To solve the puzzle, first chase the lights, to reduce the problem to the case where only the bottom row has any lights on. In our example, we get

00000
00000
00000
00000
10001

Now, for each light on the top row, start with all lights off, press that light, chase the lights, and see what the effect on the bottom row is. For instance

11000
10000
00000
00000
00000

becomes

00000
00000
00000
00000
01101

So, pressing (1,1) and chasing the lights will toggle lights 2, 3 and 5 on the bottom row. We want a set of lights in the top row, such that the combined effect on the bottom row is to toggle lights 1 and 5. In other words we have to solve five equations in five unknowns, where arithmetic is performed modulo 2. In Matrix notation: Ax=b, where:

| 0 1 1 0 1 |         | 1 |
| 1 1 1 0 0 |         | 0 |
A = | 1 1 0 1 1 | and b = | 0 |
| 0 0 1 1 1 |         | 0 |
| 1 0 1 1 0 |         | 1 |

Column j of A is the bottom row after pressing (1,j) on a blank grid and chasing the lights. b is the bottom row after chasing the lights in the original configuration.

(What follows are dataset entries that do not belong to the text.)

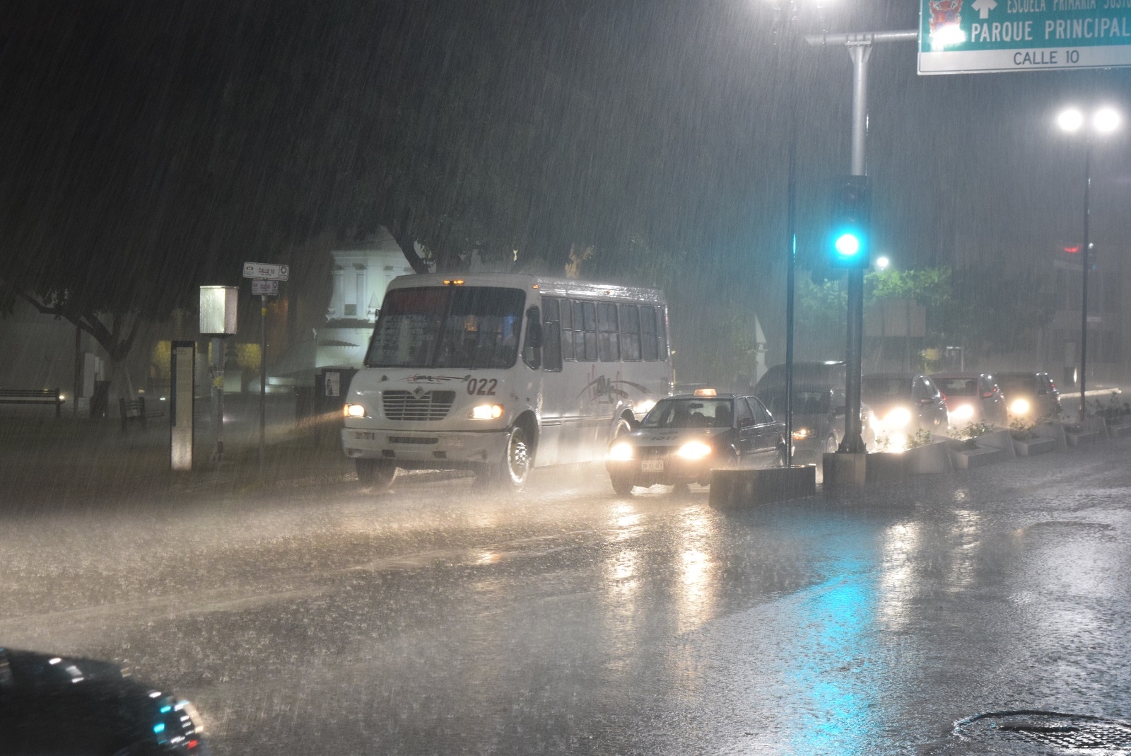 La fuerte lluvia que cayó la tarde de ayer sorprendió a muchos. En la imagen, aspectos del meteoro en el Circuito Baluartes, frente al parque de San Martí.
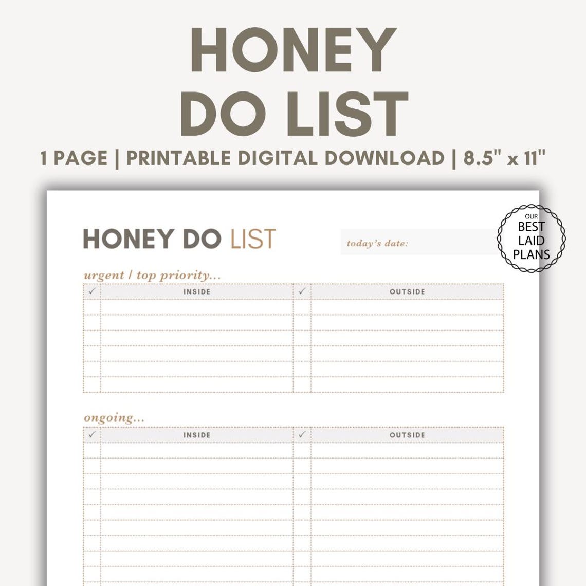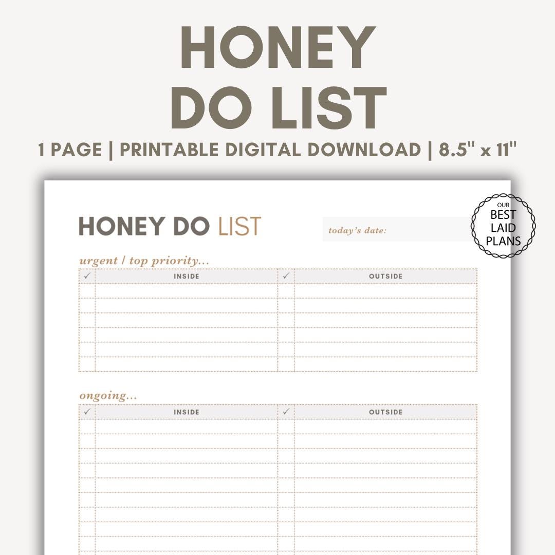 Simple Honey To do List / Couples Task Checklist / Husband Partner
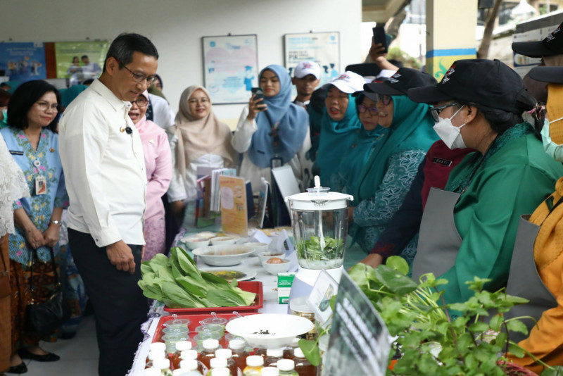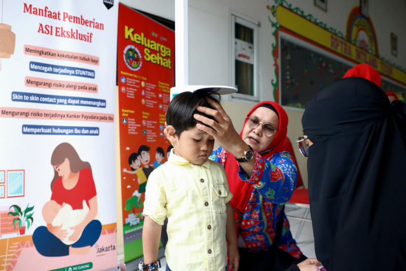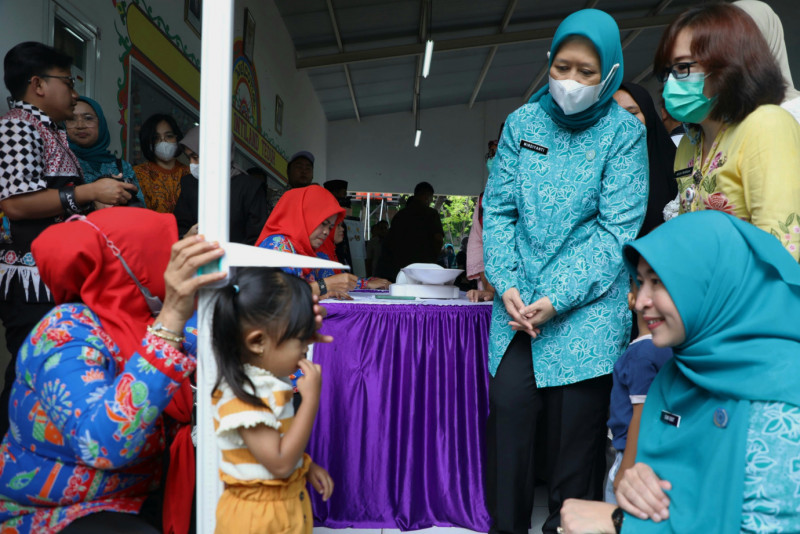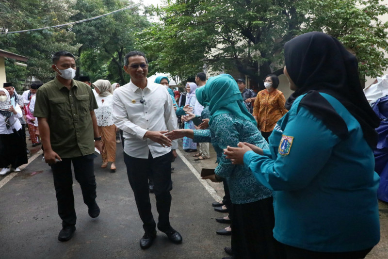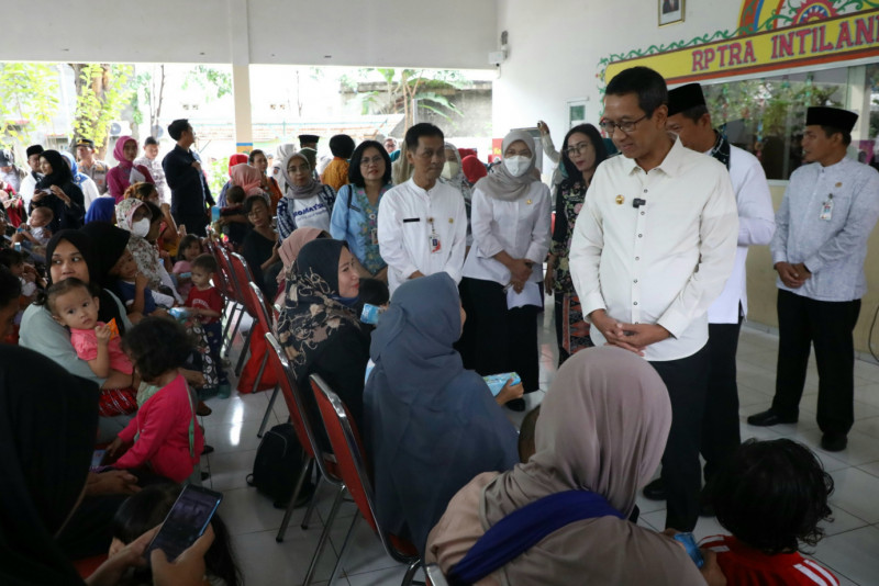 Penjabat (Pj) Gubernur DKI Jakarta, Heru Budi Hartono didampingi Pj Ketua Tim Penggerak Pemberdayaan dan Kesejahteraan Keluarga (TP PKK) Mirdiyanti Heru, memantau intervensi percepatan penurunan stunting terintegrasi di RPTRA Intiland Teduh, Cilincing, Jakarta Utarau, Jumat (15/3). Kegiatan ini merupakan upaya penurunan angka stunting di antaranya pelaksanaan Posyandu anak, pemberian suplemen tablet tambah darah, serta pemenuhan pangan bergizi dan pola pangan yang memenuhi syarat Beragam, Bergizi Seimbang dan Aman (B2SA).

But some lights can't be pressed. This adds some additional constraints to the system of equations. Starting with a blank grid, pressing one button at the top, and chasing the lights, we look at which faulty lights are pressed in the process. For instance, starting with (1,1), no faulty lights are pressed. Starting with (1,3), we press (3,5) and (5,3). Going through all five lights at the top, we have the constraints

| 0 0 1 0 1 |     | 0 |
| 0 0 0 0 1 | x = | 1 |
| 0 0 1 0 0 |     | 1 | 

The rows correspond to (3,5), (5,1) and (5,3), in that order. The column on the right corresponds to faulty buttons that are pressed in the first step of the solution, when we chase the lights to clear everything except the last row. Putting these equations together, we must solve

| 0 1 1 0 1 |     | 1 |
| 1 1 1 0 0 |     | 0 |
| 1 1 0 1 1 |     | 0 |
| 0 0 1 1 1 | x = | 0 |
| 1 0 1 1 0 |     | 1 |
| 0 0 1 0 1 |     | 0 |
| 0 0 0 0 1 |     | 1 |
| 0 0 1 0 0 |     | 1 | 

Using Gauss elimination, this reduces to

| 1 0 0 0 0 |     | 0 |
| 0 1 0 0 0 |     | 1 |
| 0 0 1 0 0 |     | 1 |
| 0 0 0 1 0 | x = | 0 |
| 0 0 0 0 1 |     | 1 |
| 0 0 0 0 0 |     | 0 |
| 0 0 0 0 0 |     | 0 |
| 0 0 0 0 0 |     | 0 | 

So there is a unique solution, which is to press lights 2, 3, and 5 in the top row, and chase the lights, giving the solution set {(1,2),(1,3),(1,5),(2,3),(2,5),(3,2),(3,3),(4,3)}.